Два ратника пробежали мимо открытой двери, абсолютно игнорировали высунувшегося наружу виновника торжества.
— Нет, нам такого не надо, — мститель начал себя успокаивать. — Сильно большие разрушения и жертвы.
— Хорошо, зайдем с другой стороны. Спросим совета у знающих людей, из охраны, — Рязанцев перевел взгляд на мирно лежавших в стороне от прохода стражников. — Кстати чего они тут безмолвно покоятся? Пора бы уже очнуться. Нужно поговорить. — Странник подошел к обездвиженным людям. Нагнулся и осмотрел их. — Ладно, оставим несчастных в покое! Люди устали. Тяжёлый день, служба! Пусть отдыхают... Когда ещё вот так, по-человечески, удастся полежать?
— Думаем дальше, ещё варианты? — Алексей прищурился, соображая как поступить. — Бросим монету! Если выпадет "решка" — придется будить спящих бойцов. Если нет или на "ребро" будем размышлять дальше.
Путник достал из кармана монетку. Покрутил её в руках. Подбросил и она, прыгая по земле, укатилась в закрытое подсобное помещение.
— Да-а-а, подсказка "пятьдесят на пятьдесят" не сработала из-за сбоя аппаратуры, — раздосадовано произнес игрок. — Остается помощь зала. Устроим блиц-опрос среди заключенных. Самое кровожадное желание — исполним! Вот они обрадуются!

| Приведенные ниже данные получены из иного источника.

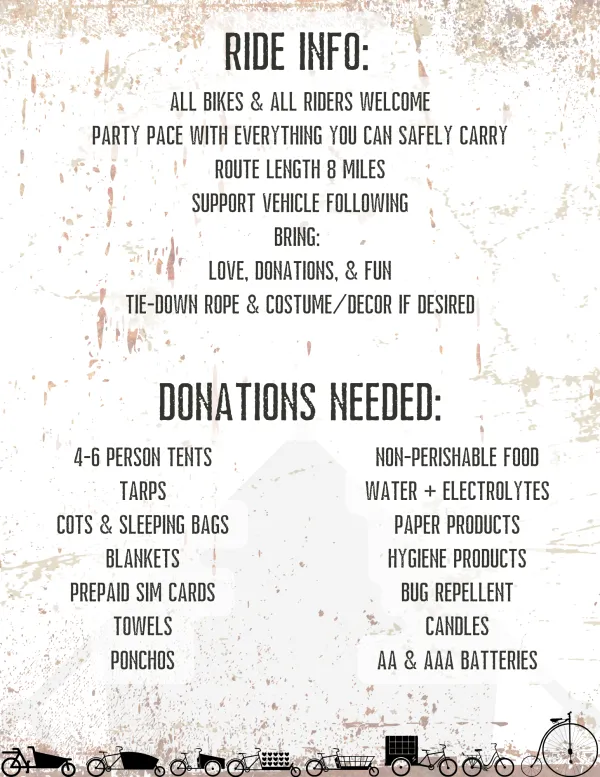 We’re infuriated to announce that the 2nd annual group cargo ride of mutual aid is back! At the end of the month, community and supporters will come together in challenge to haul supplies in support of the City’s houseless residents.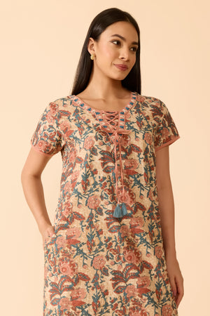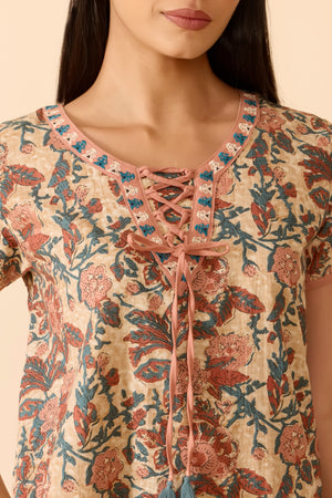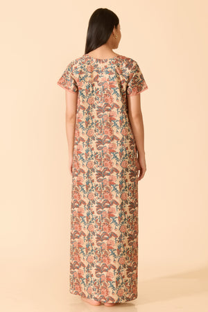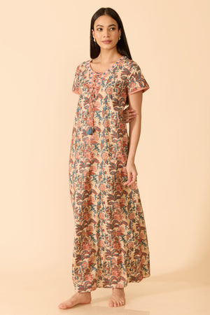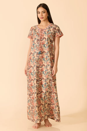 Peach cotton nightwear adorned with soft floral prints, designed with a scoop neckline and subtle V-notch detail. Featuring short sleeves, a delicate tie-up closure, and a breathable regular fit for everyday ease.

Освободитель закрыл дверь на улицу. Посмотрел в сторону коридора.
— А вообще... Пора всех выпускать! Пока про них другие не вспомнили. А то набегут правозащитники, адвокаты, борцы за свободу... А оно нам надо?
Странник вернулся в подземелье и пошел к камерам, открывая их по пути. В одной из них томилась группа крестьян или горожан посаженных за какие-то провинности.
Когда грубая досчатая дверь с визгом распахнулась. В его лицо ударила нестерпимая вонь. Бритые, синие и бледные головы, клейменые, исхудалые лица, грязные, вонючие тела, прикрытые всяким лохмотьем. Горящие от света как у волков глаза...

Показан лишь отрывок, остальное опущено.